→ Records supplied:
——

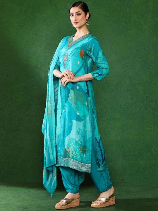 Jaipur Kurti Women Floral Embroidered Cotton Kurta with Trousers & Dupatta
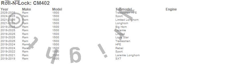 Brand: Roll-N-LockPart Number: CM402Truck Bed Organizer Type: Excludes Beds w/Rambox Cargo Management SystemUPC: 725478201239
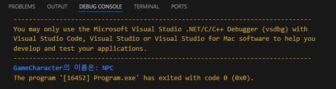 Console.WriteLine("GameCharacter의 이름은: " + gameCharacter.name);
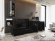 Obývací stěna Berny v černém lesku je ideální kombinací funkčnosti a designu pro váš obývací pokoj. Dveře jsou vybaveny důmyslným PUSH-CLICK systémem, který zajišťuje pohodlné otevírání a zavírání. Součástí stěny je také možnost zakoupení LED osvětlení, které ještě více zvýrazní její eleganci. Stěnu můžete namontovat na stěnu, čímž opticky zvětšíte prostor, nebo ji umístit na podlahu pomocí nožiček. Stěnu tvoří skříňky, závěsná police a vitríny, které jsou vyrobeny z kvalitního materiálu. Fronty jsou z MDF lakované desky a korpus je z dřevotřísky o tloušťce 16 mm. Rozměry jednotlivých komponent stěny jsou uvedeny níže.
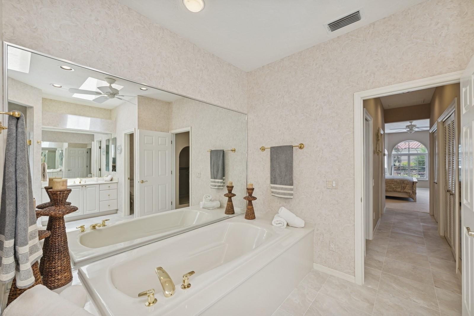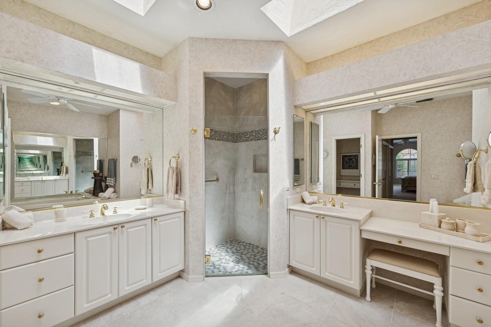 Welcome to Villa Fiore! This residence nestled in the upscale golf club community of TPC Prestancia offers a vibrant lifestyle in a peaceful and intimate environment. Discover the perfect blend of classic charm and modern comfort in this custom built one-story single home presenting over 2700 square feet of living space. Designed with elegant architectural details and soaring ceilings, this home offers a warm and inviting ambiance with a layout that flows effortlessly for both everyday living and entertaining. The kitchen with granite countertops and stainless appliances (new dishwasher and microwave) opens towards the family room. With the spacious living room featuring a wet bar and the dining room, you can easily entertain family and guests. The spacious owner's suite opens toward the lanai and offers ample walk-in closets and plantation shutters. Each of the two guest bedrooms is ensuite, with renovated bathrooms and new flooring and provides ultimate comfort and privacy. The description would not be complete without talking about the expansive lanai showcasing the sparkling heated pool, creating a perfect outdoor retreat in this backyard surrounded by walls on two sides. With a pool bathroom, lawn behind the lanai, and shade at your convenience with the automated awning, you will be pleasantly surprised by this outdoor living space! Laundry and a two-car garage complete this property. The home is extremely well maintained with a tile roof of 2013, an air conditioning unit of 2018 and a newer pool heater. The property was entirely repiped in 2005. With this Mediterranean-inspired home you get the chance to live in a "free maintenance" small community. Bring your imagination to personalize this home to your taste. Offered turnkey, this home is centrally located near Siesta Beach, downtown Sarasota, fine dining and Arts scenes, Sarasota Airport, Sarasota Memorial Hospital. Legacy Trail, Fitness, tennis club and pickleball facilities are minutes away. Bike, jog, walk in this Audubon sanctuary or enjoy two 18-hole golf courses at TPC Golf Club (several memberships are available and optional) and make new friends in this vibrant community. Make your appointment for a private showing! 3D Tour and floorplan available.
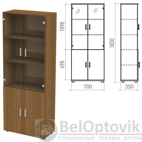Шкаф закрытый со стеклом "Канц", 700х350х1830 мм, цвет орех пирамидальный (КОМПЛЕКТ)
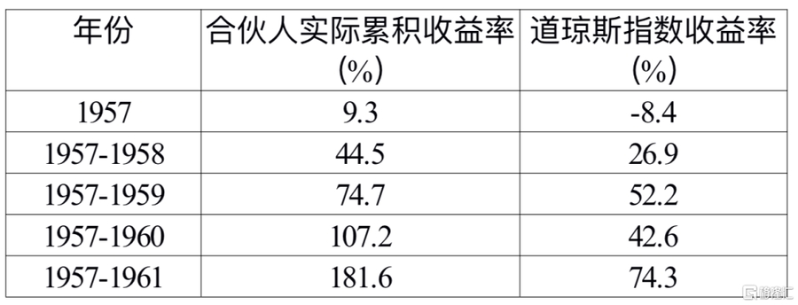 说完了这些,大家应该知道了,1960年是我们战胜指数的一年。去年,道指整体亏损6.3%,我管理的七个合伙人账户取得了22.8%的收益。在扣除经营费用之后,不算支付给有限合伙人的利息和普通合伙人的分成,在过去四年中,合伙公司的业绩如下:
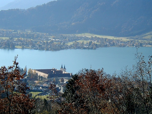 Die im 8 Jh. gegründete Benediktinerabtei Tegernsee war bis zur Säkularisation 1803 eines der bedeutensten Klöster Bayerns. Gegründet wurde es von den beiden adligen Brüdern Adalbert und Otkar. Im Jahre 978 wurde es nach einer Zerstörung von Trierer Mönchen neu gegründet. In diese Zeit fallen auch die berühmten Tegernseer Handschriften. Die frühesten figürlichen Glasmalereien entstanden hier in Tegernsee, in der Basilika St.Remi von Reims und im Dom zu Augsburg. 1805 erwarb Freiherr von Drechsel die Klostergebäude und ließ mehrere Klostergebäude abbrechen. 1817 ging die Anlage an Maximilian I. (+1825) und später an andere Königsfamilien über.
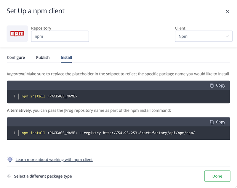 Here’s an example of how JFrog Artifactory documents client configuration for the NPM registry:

——

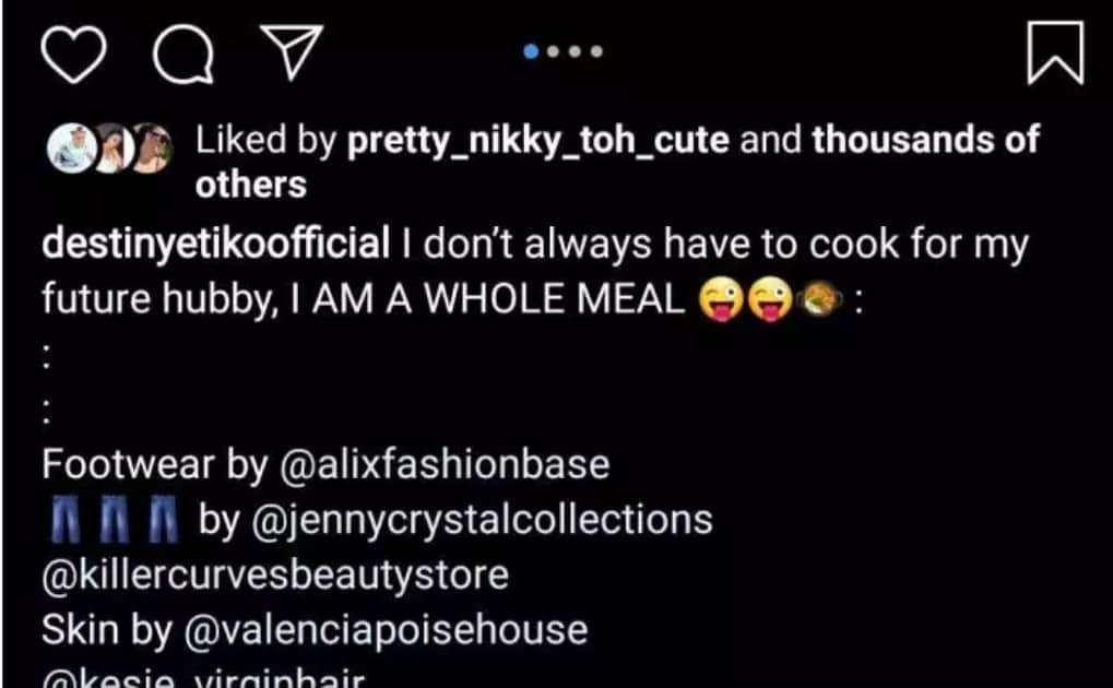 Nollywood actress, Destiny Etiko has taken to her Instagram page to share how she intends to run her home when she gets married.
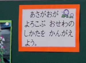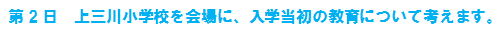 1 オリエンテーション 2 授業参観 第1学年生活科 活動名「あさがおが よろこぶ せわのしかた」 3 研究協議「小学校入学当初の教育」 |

——

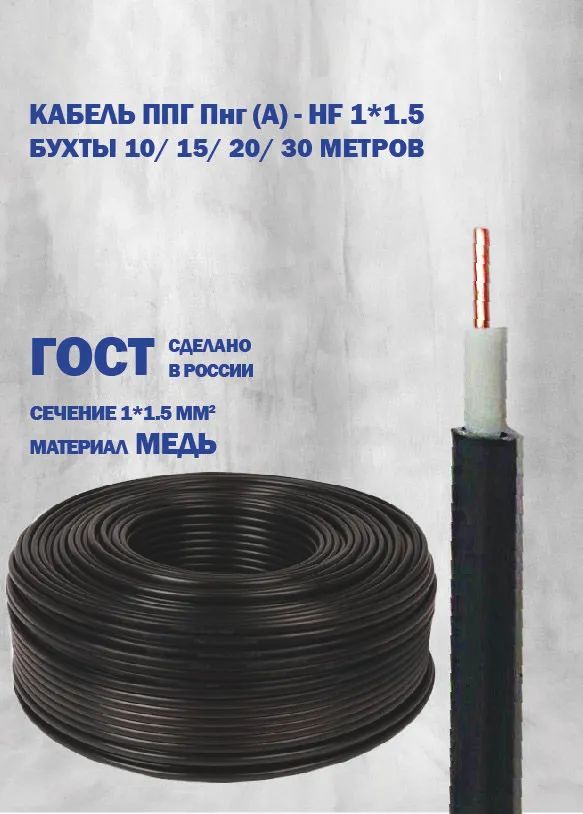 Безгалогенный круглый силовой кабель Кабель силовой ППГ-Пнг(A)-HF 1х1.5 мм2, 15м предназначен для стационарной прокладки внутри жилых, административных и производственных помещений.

——

→ Problem details: From the records above, write out exactly the lines that begin at the line with "Jaipur Kurti Women" and end at the line with "Obývací stěna Berny". Pictures must not appear in the output.

→ Exercise response:
 Jaipur Kurti Women Floral Embroidered Cotton Kurta with Trousers & Dupatta
 Brand: Roll-N-LockPart Number: CM402Truck Bed Organizer Type: Excludes Beds w/Rambox Cargo Management SystemUPC: 725478201239
 Console.WriteLine("GameCharacter의 이름은: " + gameCharacter.name);
 Obývací stěna Berny v černém lesku je ideální kombinací funkčnosti a designu pro váš obývací pokoj. Dveře jsou vybaveny důmyslným PUSH-CLICK systémem, který zajišťuje pohodlné otevírání a zavírání. Součástí stěny je také možnost zakoupení LED osvětlení, které ještě více zvýrazní její eleganci. Stěnu můžete namontovat na stěnu, čímž opticky zvětšíte prostor, nebo ji umístit na podlahu pomocí nožiček. Stěnu tvoří skříňky, závěsná police a vitríny, které jsou vyrobeny z kvalitního materiálu. Fronty jsou z MDF lakované desky a korpus je z dřevotřísky o tloušťce 16 mm. Rozměry jednotlivých komponent stěny jsou uvedeny níže.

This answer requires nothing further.